To the Editor:
I read with great interest the article by Wigmore et al.1 at the Royal Marsden Hospital (London, United Kingdom), which suggested that total intravenous anesthesia (TIVA) is associated with improved cancer survival when compared to volatile inhalational anesthesia. The study has caused a great deal of excitement among many, and with good cause, demonstrating a 50% greater risk of mortality in the volatile group compared to TIVA.
I noticed that even after propensity matching, there was a statistically significant difference in transfusion rates between groups, there being an almost 50% higher rate of blood transfusion in the group receiving a volatile anesthetic (150 vs. 110 patients, P = 0.011). The reason for this difference is unclear; it may be that patients undergoing TIVA have lower rates of perioperative anemia, have less bleeding intraoperatively, or simply that anesthetists who use TIVA also have more conservative thresholds for blood transfusion.
It is recognized that conservative blood transfusion strategies may offer survival benefit,2 and reducing the use of allogenic blood transfusion may improve mortality.3 In fact, blood transfusion has been reported to worsen a variety of outcomes4 in cancer surgery including increasing incidence postoperative infections and increasing disease recurrence in addition to increasing mortality.4,5 Perioperative blood transfusion may influence immunomodulation in a number of ways,6 including potentiating postoperative levels of the cytokine interleukin-6 and interleukin-6–inducible tumor growth factors such as hepatocyte growth factor and vascular cell adhesion molecule 1.5 So potentially both blood transfusion and use of volatile may have contributed to reduce survival in the inhalational group via their impact on immunomodulation, thereby increasing cancer cell growth.
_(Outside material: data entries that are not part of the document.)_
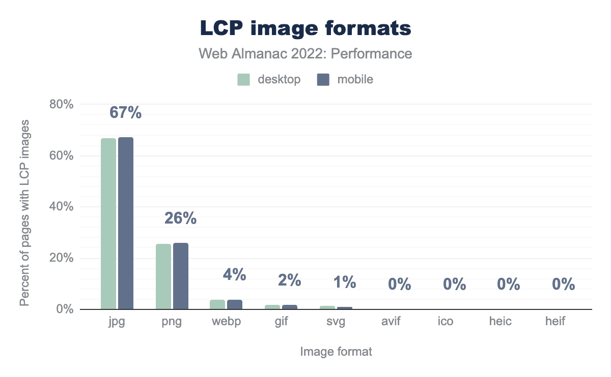 Note that the percentages in this section are out of only those pages in which the img element is the LCP, not all pages. For reference, recall that this accounts for 42% of pages.
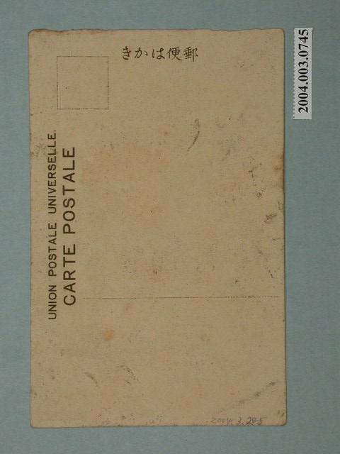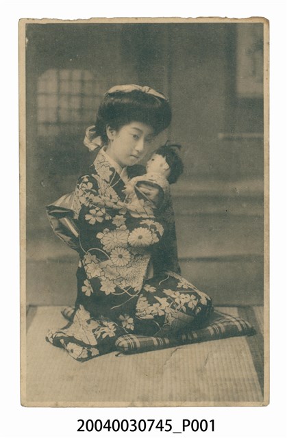 1.本物件為以女人為主題之明信片,其正面為著和服並抱玩偶的女子黑白照片,畫面中可見女子著和服跪坐於榻榻米上,其長髮盤起髮髻,頭頂及後頸位置有緞帶裝飾,和服上有各種花瓣,樣式繽紛,女子懷中抱有一人像娃娃,依遠景景象可判斷女子位在室內;背面為空白明信片橫式書寫面,以黑色單色印刷,右上方為郵票黏貼處,右側有「郵便はがき」字樣,正上方有「UNION POSTALE UNIVERSELLE.」以及「CARTE POSTALE」字樣。2.和服為日本傳統服飾,其名稱相較於「洋服」而來,和服為成套連身衣著,有數層,配件以腰帶為主,為長袖且幾乎遮蔽全身。
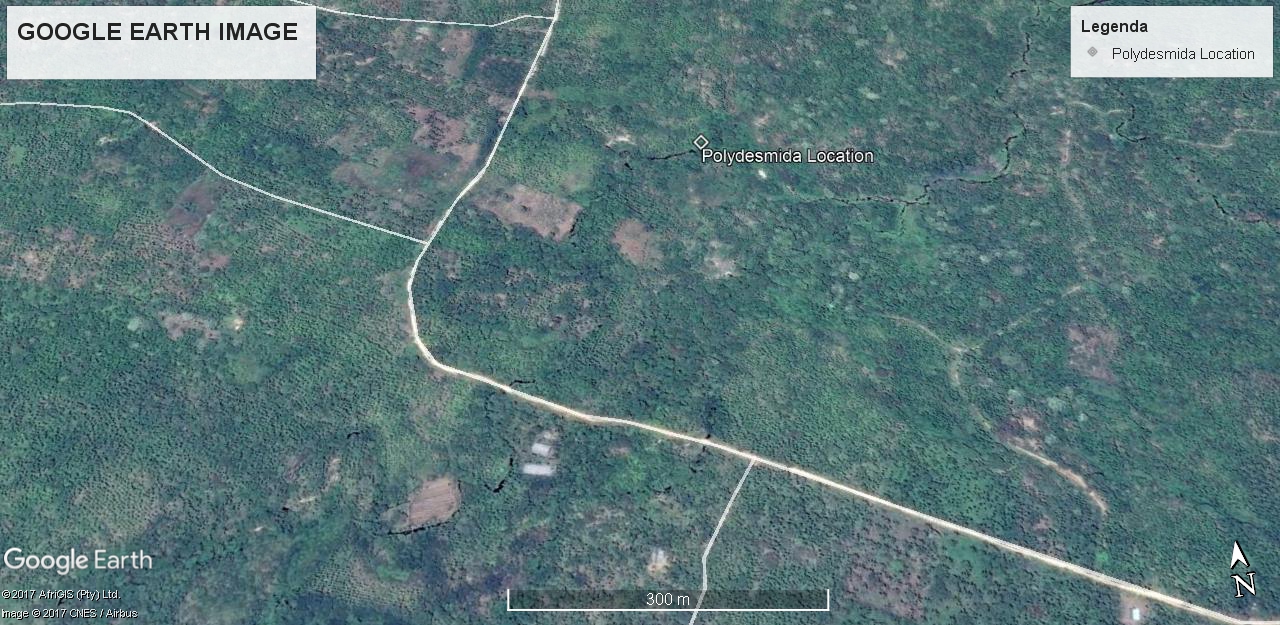 I found this Polydesmida at coordinates 274489.00 m E, 562929.00 m N ZONE 47 N Datum WGS 1984. Location of the discovery is a waterfall in the area nisam district of North aceh. This waterfall called Waterfall Ceuraceuk two levels. the location of the watershed allows a large number of small living insects due to the need for abundant food and water. to get to the location we have to walk as far as 200 meters across the plantation residents.

The magnitude of the TIVA survival benefit seen in the Royal Marsden study1 can clearly not be explained by the differences in transfusion rates alone. In absolute terms, there were 190 more deaths in the propensity-matched volatile group, but only 40 more patients in that group underwent blood transfusion. However, I believe differing transfusion rates between groups may be an important confounding factor, which was not mentioned by the authors in their discussion. It is increasingly recognized that many aspects of anesthetic care,7 including perioperative transfusion, use of opioid analgesia, and regional anesthesia, may all alter the immune response and influence cancer recurrence and thus survival. Clearly the situation is far more complex than the headline; I do hope when prospective research is undertaken, it takes these wide-ranging aspects of perioperative care into account.
The author declares no competing interests.